[Stored entries]

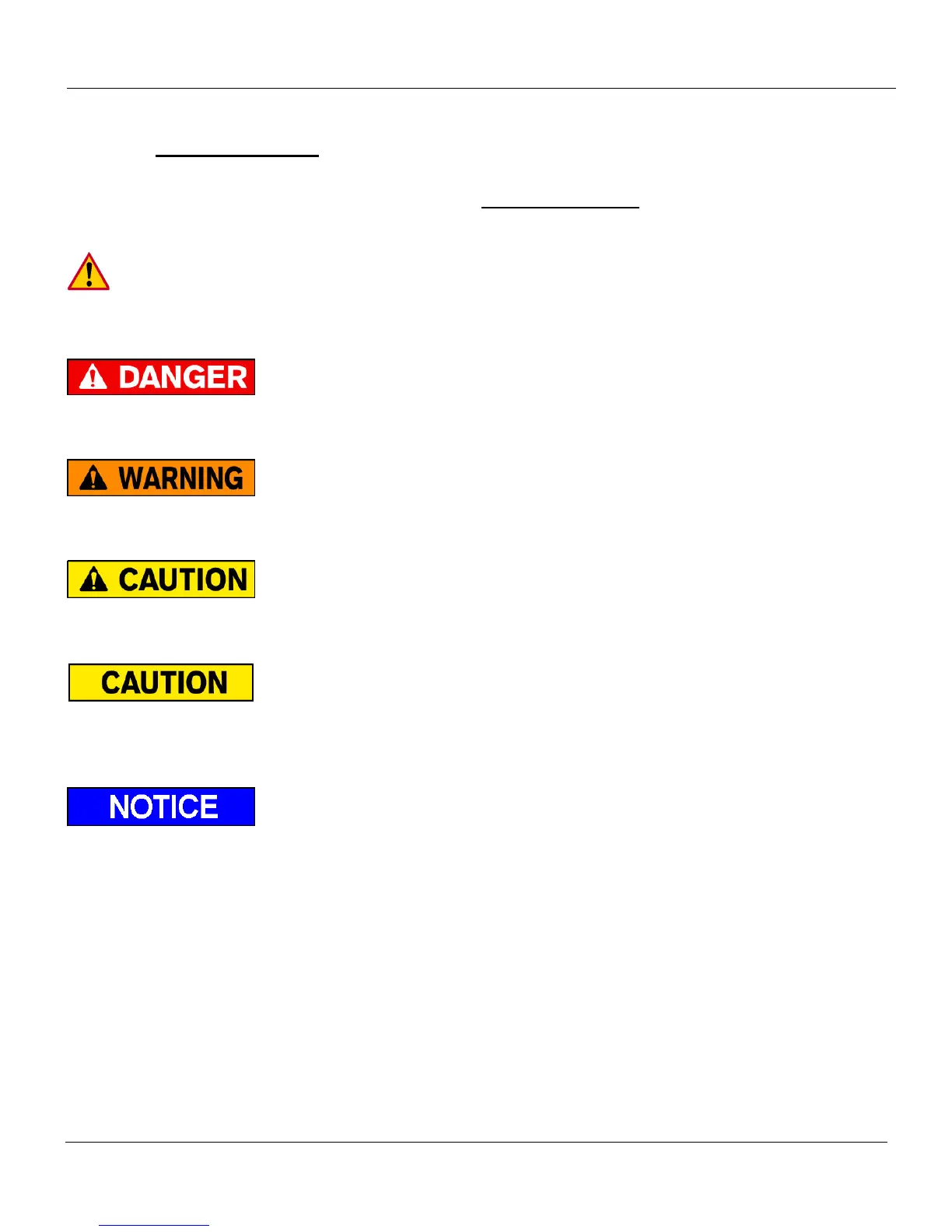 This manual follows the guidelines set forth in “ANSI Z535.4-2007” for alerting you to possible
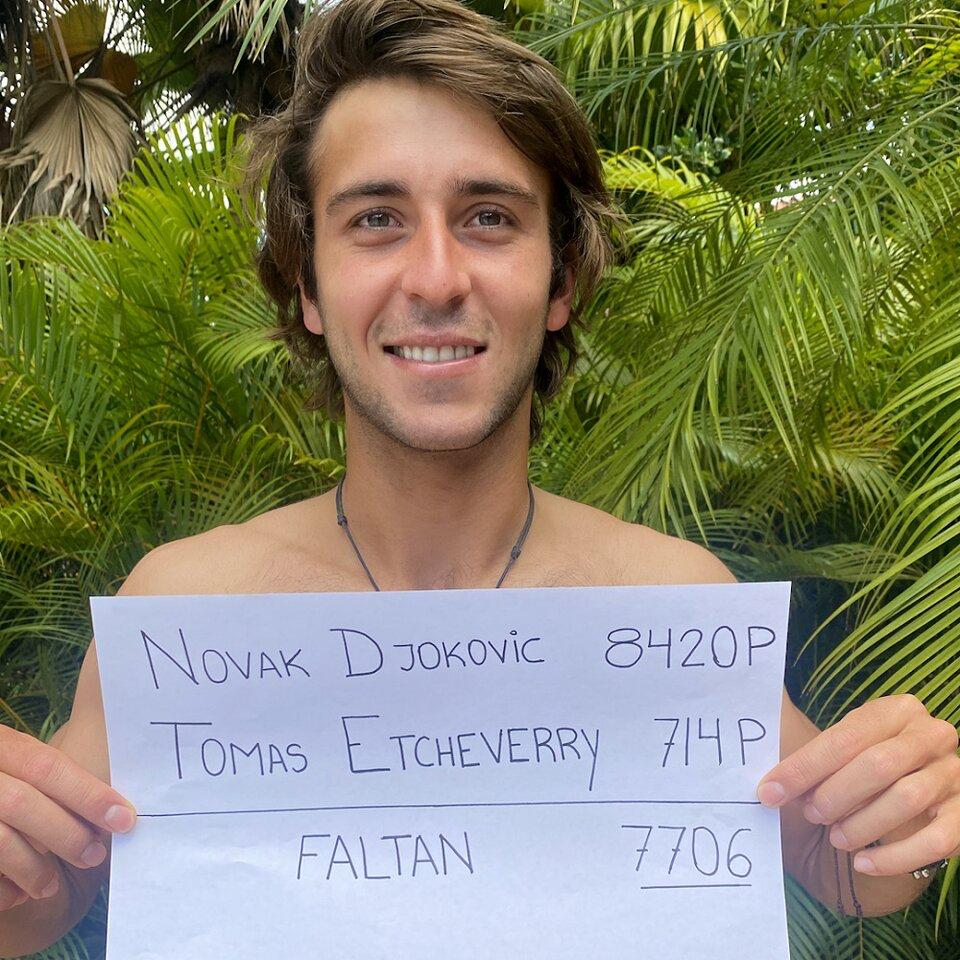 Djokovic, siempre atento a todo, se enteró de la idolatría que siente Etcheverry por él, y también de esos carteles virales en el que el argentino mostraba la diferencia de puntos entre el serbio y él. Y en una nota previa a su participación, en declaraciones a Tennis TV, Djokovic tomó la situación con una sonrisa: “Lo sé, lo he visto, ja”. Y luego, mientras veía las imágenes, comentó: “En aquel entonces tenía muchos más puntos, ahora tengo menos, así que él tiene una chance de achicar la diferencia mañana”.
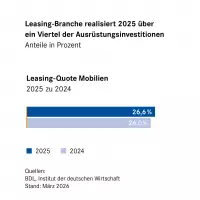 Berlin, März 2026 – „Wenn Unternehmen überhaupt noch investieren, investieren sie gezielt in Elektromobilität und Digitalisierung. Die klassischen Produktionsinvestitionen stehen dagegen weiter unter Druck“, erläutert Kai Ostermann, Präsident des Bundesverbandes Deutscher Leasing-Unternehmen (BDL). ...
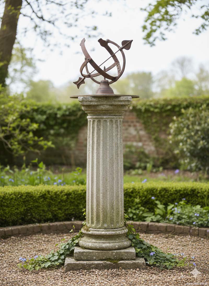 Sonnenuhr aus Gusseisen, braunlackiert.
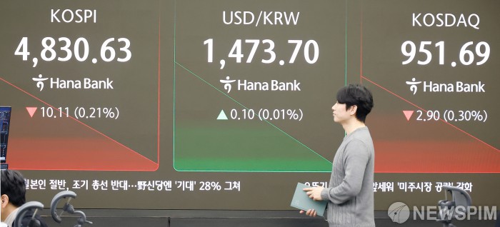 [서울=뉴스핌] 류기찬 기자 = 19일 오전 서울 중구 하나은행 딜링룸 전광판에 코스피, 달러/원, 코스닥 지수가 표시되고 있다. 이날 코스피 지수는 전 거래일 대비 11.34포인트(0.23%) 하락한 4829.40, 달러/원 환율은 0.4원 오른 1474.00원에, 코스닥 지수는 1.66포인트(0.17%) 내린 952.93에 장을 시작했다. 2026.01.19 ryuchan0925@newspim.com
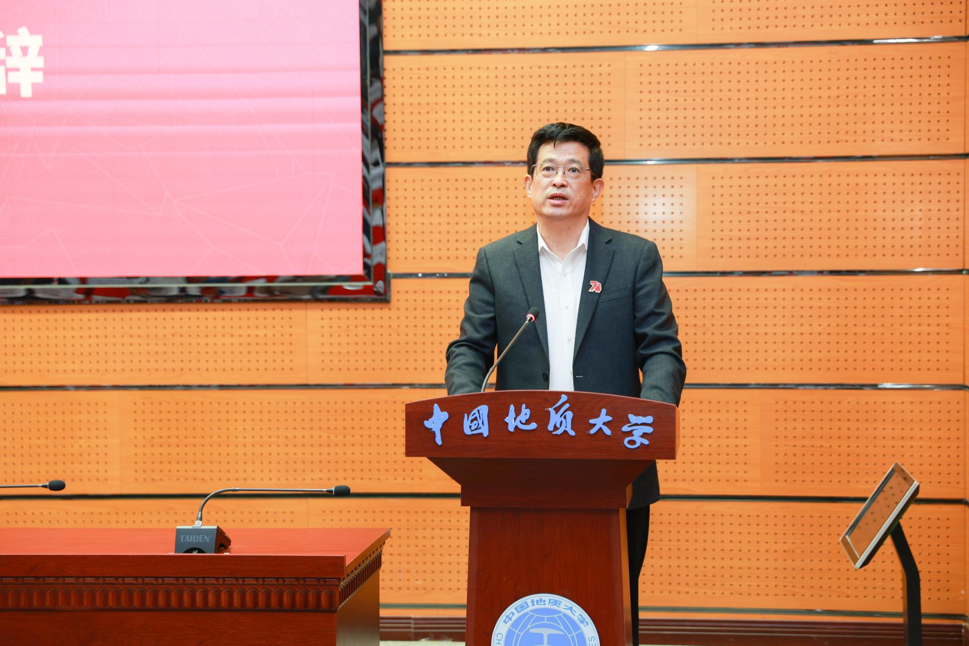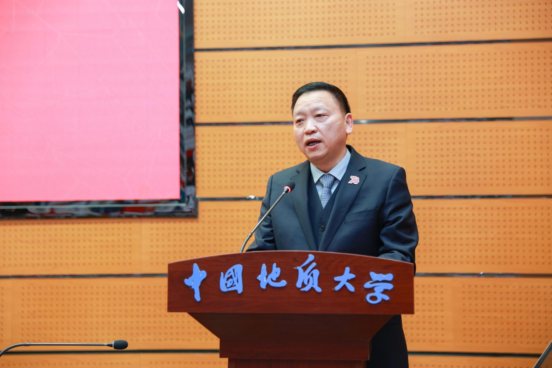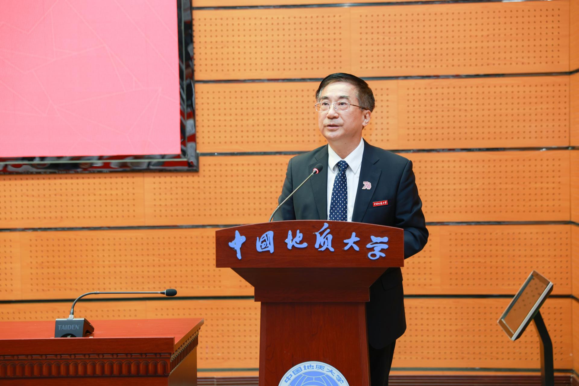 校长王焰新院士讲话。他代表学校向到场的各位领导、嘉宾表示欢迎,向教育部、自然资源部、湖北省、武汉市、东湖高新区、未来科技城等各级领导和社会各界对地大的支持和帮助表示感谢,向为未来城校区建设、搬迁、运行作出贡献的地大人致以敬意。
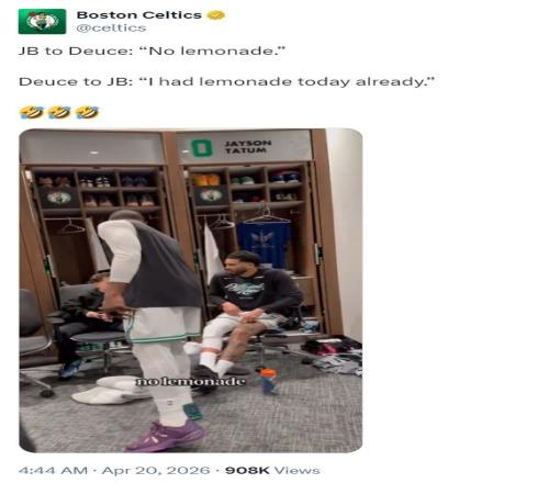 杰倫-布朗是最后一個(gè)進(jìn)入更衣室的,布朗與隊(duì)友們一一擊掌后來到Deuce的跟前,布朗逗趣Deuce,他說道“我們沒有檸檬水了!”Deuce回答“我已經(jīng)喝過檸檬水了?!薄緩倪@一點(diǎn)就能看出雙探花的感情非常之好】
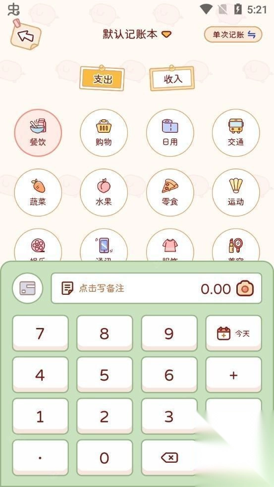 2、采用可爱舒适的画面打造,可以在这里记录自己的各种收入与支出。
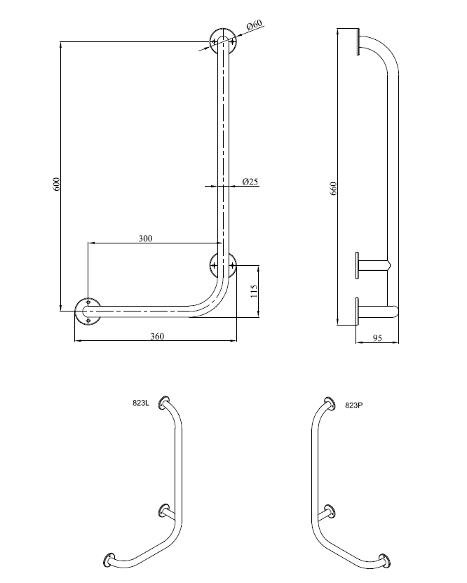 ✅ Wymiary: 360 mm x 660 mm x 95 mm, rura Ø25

Problem description ::
Set down each entry above exactly as it appears. Omit the pictures.

Finished exercise ::
 This manual follows the guidelines set forth in “ANSI Z535.4-2007” for alerting you to possible
 Djokovic, siempre atento a todo, se enteró de la idolatría que siente Etcheverry por él, y también de esos carteles virales en el que el argentino mostraba la diferencia de puntos entre el serbio y él. Y en una nota previa a su participación, en declaraciones a Tennis TV, Djokovic tomó la situación con una sonrisa: “Lo sé, lo he visto, ja”. Y luego, mientras veía las imágenes, comentó: “En aquel entonces tenía muchos más puntos, ahora tengo menos, así que él tiene una chance de achicar la diferencia mañana”.
 Berlin, März 2026 – „Wenn Unternehmen überhaupt noch investieren, investieren sie gezielt in Elektromobilität und Digitalisierung. Die klassischen Produktionsinvestitionen stehen dagegen weiter unter Druck“, erläutert Kai Ostermann, Präsident des Bundesverbandes Deutscher Leasing-Unternehmen (BDL). ...
 Sonnenuhr aus Gusseisen, braunlackiert.
 [서울=뉴스핌] 류기찬 기자 = 19일 오전 서울 중구 하나은행 딜링룸 전광판에 코스피, 달러/원, 코스닥 지수가 표시되고 있다. 이날 코스피 지수는 전 거래일 대비 11.34포인트(0.23%) 하락한 4829.40, 달러/원 환율은 0.4원 오른 1474.00원에, 코스닥 지수는 1.66포인트(0.17%) 내린 952.93에 장을 시작했다. 2026.01.19 ryuchan0925@newspim.com
 校长王焰新院士讲话。他代表学校向到场的各位领导、嘉宾表示欢迎,向教育部、自然资源部、湖北省、武汉市、东湖高新区、未来科技城等各级领导和社会各界对地大的支持和帮助表示感谢,向为未来城校区建设、搬迁、运行作出贡献的地大人致以敬意。
 杰倫-布朗是最后一個(gè)進(jìn)入更衣室的,布朗與隊(duì)友們一一擊掌后來到Deuce的跟前,布朗逗趣Deuce,他說道“我們沒有檸檬水了!”Deuce回答“我已經(jīng)喝過檸檬水了?!薄緩倪@一點(diǎn)就能看出雙探花的感情非常之好】
 2、采用可爱舒适的画面打造,可以在这里记录自己的各种收入与支出。
 ✅ Wymiary: 360 mm x 660 mm x 95 mm, rura Ø25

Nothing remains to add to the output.